Congress is working frantically to reach a deal on a border fence right now, driven, I believe, by fear of the President’s flippant threat of a State of Emergency. At the same moment, we’ve learned that there are thousands of separated children — thousands *more* than the ones we already knew about, the ones we already freaked out about — who were not valuable enough to the government to even warrant a paper trail. The government admits it’s unlikely they’ll see their parents again.

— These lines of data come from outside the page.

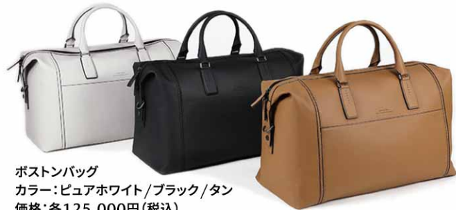
ポストンバッグ カラー:ピュアホワイト/ブラック/タン 価格:各125,000円(税込)

また、スマホサイズにぴったりな外ポケットやシューズも楽々収納できる大容量コンパートメント、そして付属のショルダーストラップなど、機能性も充実した仕上がりとなっています。 CX-60のTVCMにも登場した今回のポストンバッグは、大阪にある老舗鞆ブランド「FUJI-TAKA」とのコラボ商品です。伝統を継承してきた一流の職人が心を込めて、一つひとつのバッグを丁寧に制作しています。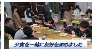
夕食を一緒に友好を深めました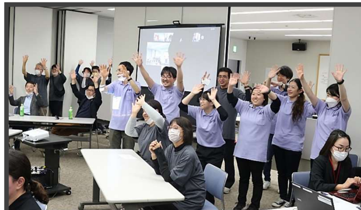
閉会式を終えた瞬間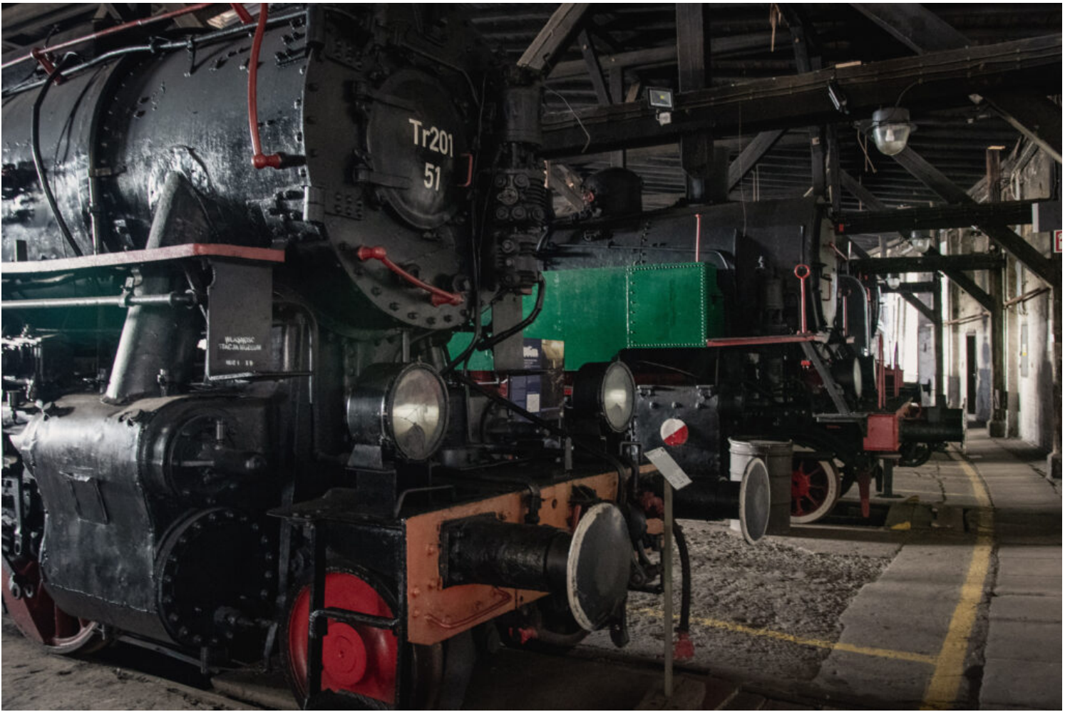
Jaworzyna, Muzeum Kolejnictwa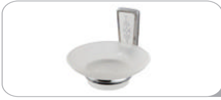
142014 Sabunluk 10.70 TL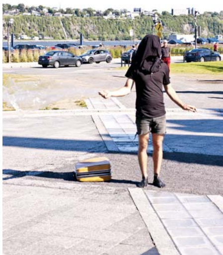
> Steven Girard, Phase II – Art et destruction/Destruction de l'art . 15 juillet 2015.

On a exhibé cette démolition tel un spectacle, comme s'il s'agissait de la victoire du « bon goût », du « vrai monde », comme s'il était question d'un retour à la neutralité de place de Paris. Étrangement, Dialogue avec l'Histoire prend un nouveau souffle depuis sa destruction, comme si la sculpture devenait une métaphore d'elle-même, s'étant inscrite à nouveau dans l'histoire de l'art. Déjà source d'incompréhension et de haine, elle trouve désormais un sens nouveau : par sa disparition, elle prend encore plus d'importance dans la mémoire collective. Cette destruction grotesque ressemble à une (mauvaise) performance artistique. Nous avons maintenant un devoir de mémoire à préserver, les œuvres d'art public appartenant à tous. N'en déplaise au maire Labeaume, la cicatrice creusée à grands coups de pelle mécanique demeure ouverte, et nous sommes plusieurs à ne pas vouloir nous faire soigner. ◀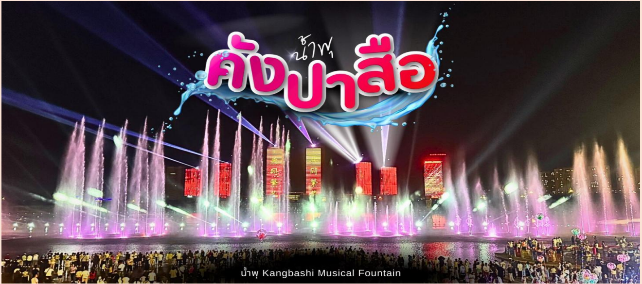
น้ำพุ Kangbashi Musical Fountain

ที่พัก HOLIDAY INN EXPRESS HOTEL หรือระดับเทียบเท่า 4 ดาว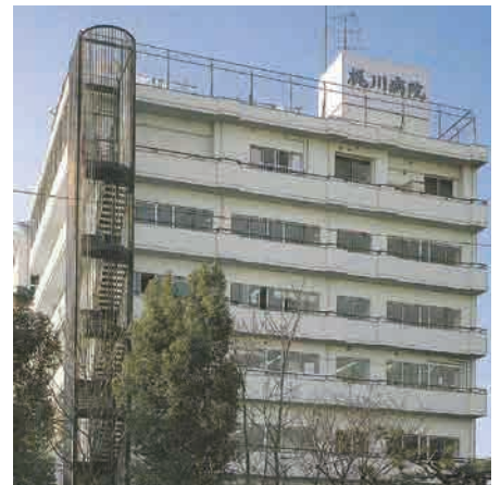
開院10周年時の新館(1990年撮影)

I’ve been surprised, shocked really, that there really are church members who do not see this turn of events as an obvious time to “welcome the stranger.” I’ve been shocked that there is even a debate in the church about the merits of this wall. But perhaps this is because so many of us have no memory of our own that helps us to recognize the humanity of those awaiting welcome. Maybe it’s because we simply don’t know what it feels like to have someone offer the thing we need, in the time we need it. To be thirsty, and have a Samaritan woman draw us water. To lay half dead on the road to Jericho, abandoned by our “own people,” and find ourselves plopped on the donkey of one of “them” on our way to safety. To be threatened that we will watch our children die if we don’t comply with the drug cartel in our community, and after a frightening journey to safety, find that a community of faith has prepared a place for us.

Welcome the stranger, you who believe you have shown virtue by standing independent of any need for help. For you, too, were once strangers. You might need some practice remembering, though.

Photo by rawpixel on Unsplash

Kate Kooyman

Rev. Kate Kooyman is a minister of the Reformed Church in America who lives in Grand Rapids, Michigan.

4 Comments

  • Jan Zuidema says:

    Strong words on this Hallmark holiday of roses and chocolates and dinners out. May we all ponder how we can learn to be served instead of serving and what love for the ‘other’ should look like in our lives.

  • Helen P. says:

    Spot on as always Kate.
    I do wonder if the lack of conversation in many of our congregations is fear of discord. There is so much of that hitting us in every aspect of our lives that perhaps there are those who wish church to be a place of harmony…which is really at odds with Christ’s teaching. He was and remains a revolutionary.
    The other possibility is that many believe the lie this president has set forth…creating fear and distrust.

  • Kirk Vanhouten says:

    We are called to welcome strangers, but doesn’t the United States already have one of the most liberal immigration policies in the world? Which country do you think has a better model, Kate?